There are two strengths in this novel: the character of Izzy, and the character of the retirement community in Florida. Izzy is a man with whom a reader can readily sympathize, made thoroughly human by being amusing as well as burdened. By sprinkling the text with Yiddish, such a wonderfully evocative language, even if the Jewish culture might not be familiar, the reader gets a bird's eye view of Izzy's world.
The other characters in the book are not well rounded, however, reading more like sketches. The daughter, Eva, is self-absorbed, and because she is so narrowly rendered, it is difficult to believe her in those moments when she suddenly expresses compassion for her father. The reader doesn't really get to know the grandson, but is asked to believe at the end of the story that he suddenly possesses a remarkable maturity. Holz needed to spend more time giving these characters the depth that she clearly wanted them to have.
The Florida retirement community is wonderfully described in all its harrowing detail, with its intractable homogeneity, the spare rooms, the numbing boredom that is supposed to be the reward for a life of frugality and hard work, the utterly soulless artificiality of the entire neighbourhood.
Finally, I question Holz's choice of vehicle to examine this serious subject. The backdrop to the story is a murder and later, a suggestion that a party to the murder gets away without detection.
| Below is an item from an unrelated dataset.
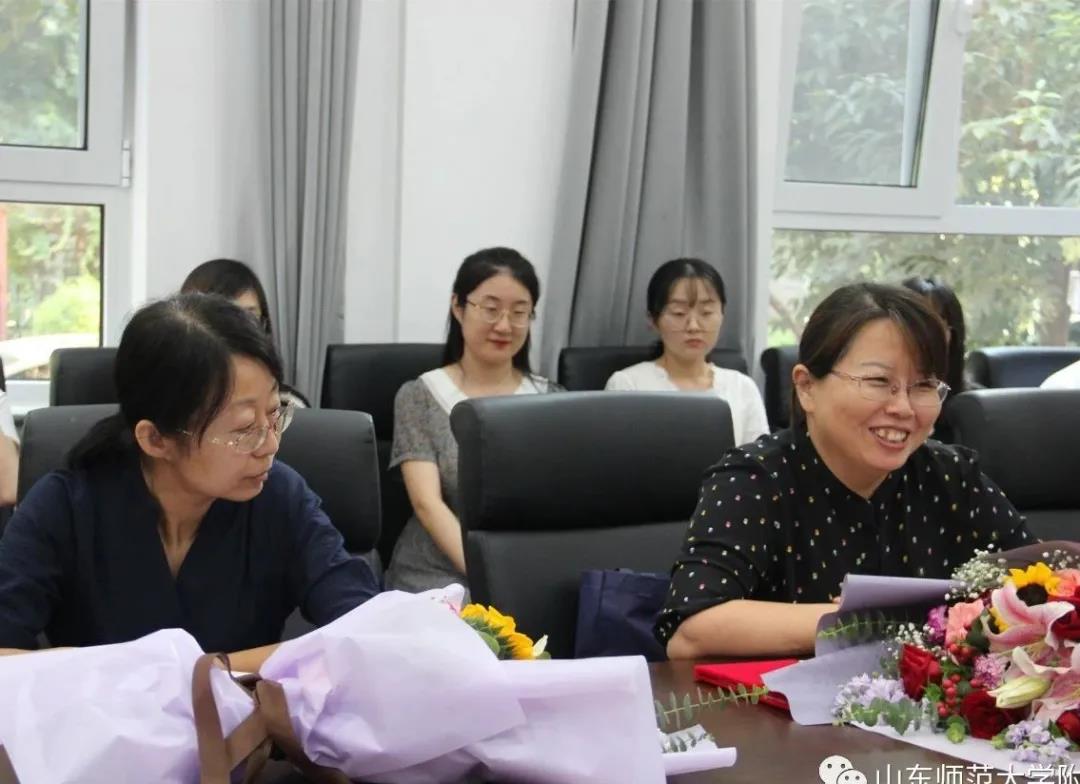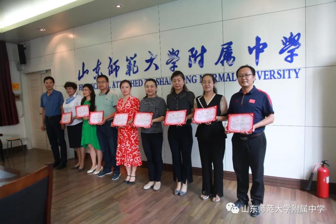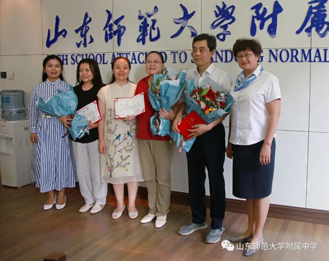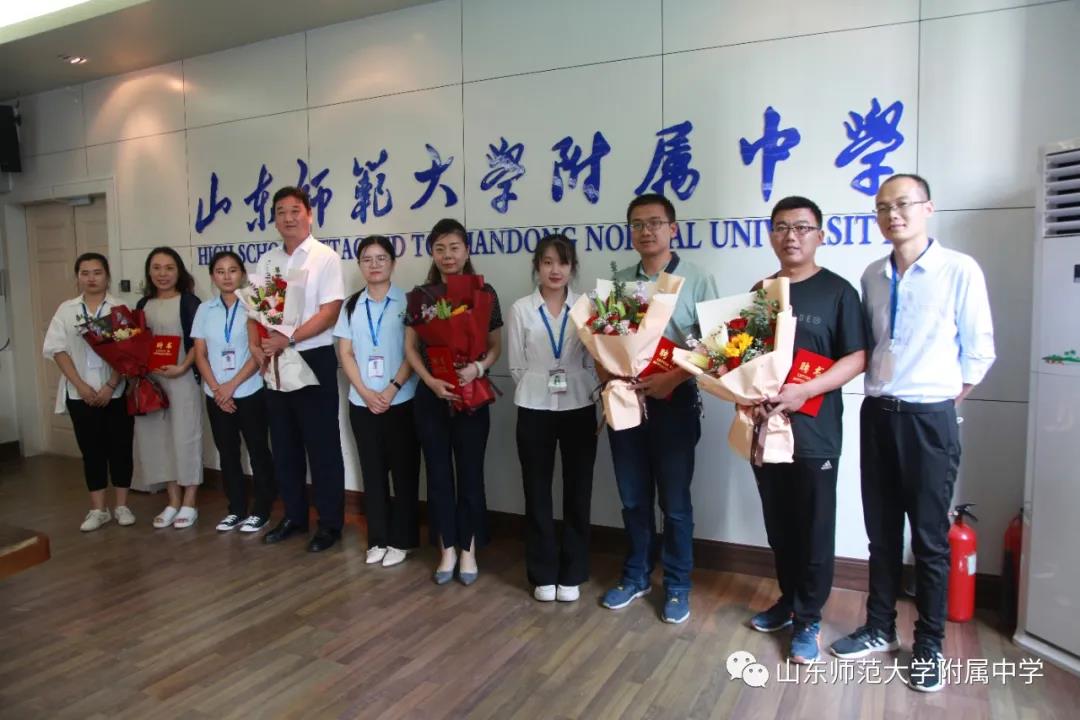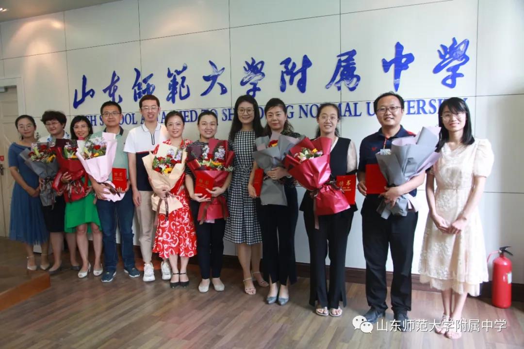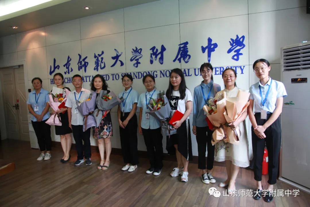 座谈会上,荆兆晶、孟宪喆为王冰、李明、史宏伟、何有清、卢玉芳、王慧、杨洪漪、张耀彬等八位光荣从教三十周年教师颁发荣誉证书。学校领导为曲国勇等25位指导教师颁发聘任证书。附中2020年新入职教师为自己的教学工作指导教师和班主任工作指导教师献花,行礼拜师。
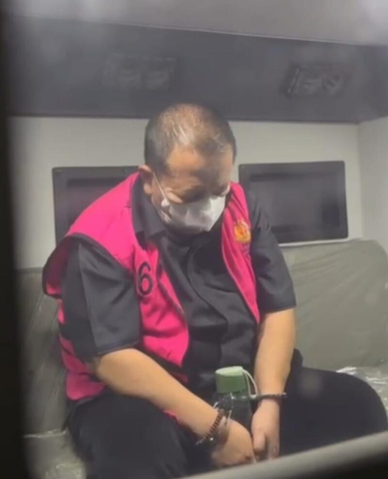 Usai pemeriksaan, Arinal terlihat keluar dari ruangan dengan mengenakan rompi tahanan berwarna merah muda. Ia juga telah menggunakan gelang penanda tahanan.

The characters of the individuals implicated in the murder is distracting and steers the novel towards genre writing. It would have sufficed to have the death occur as a result of an accident or a sudden heart attack. While Holz can be quite good at capturing a quality through comparison, overuse eventually dulled the impact. This type of writing is the very thing Barbara Gowdy addressed earlier this year when she argued in favour of making language serve the story and not the habit of indulgence. Her criticism was a good reminder to everyone who writes and edits to revisit the toolbox of fundamental skills from time to time.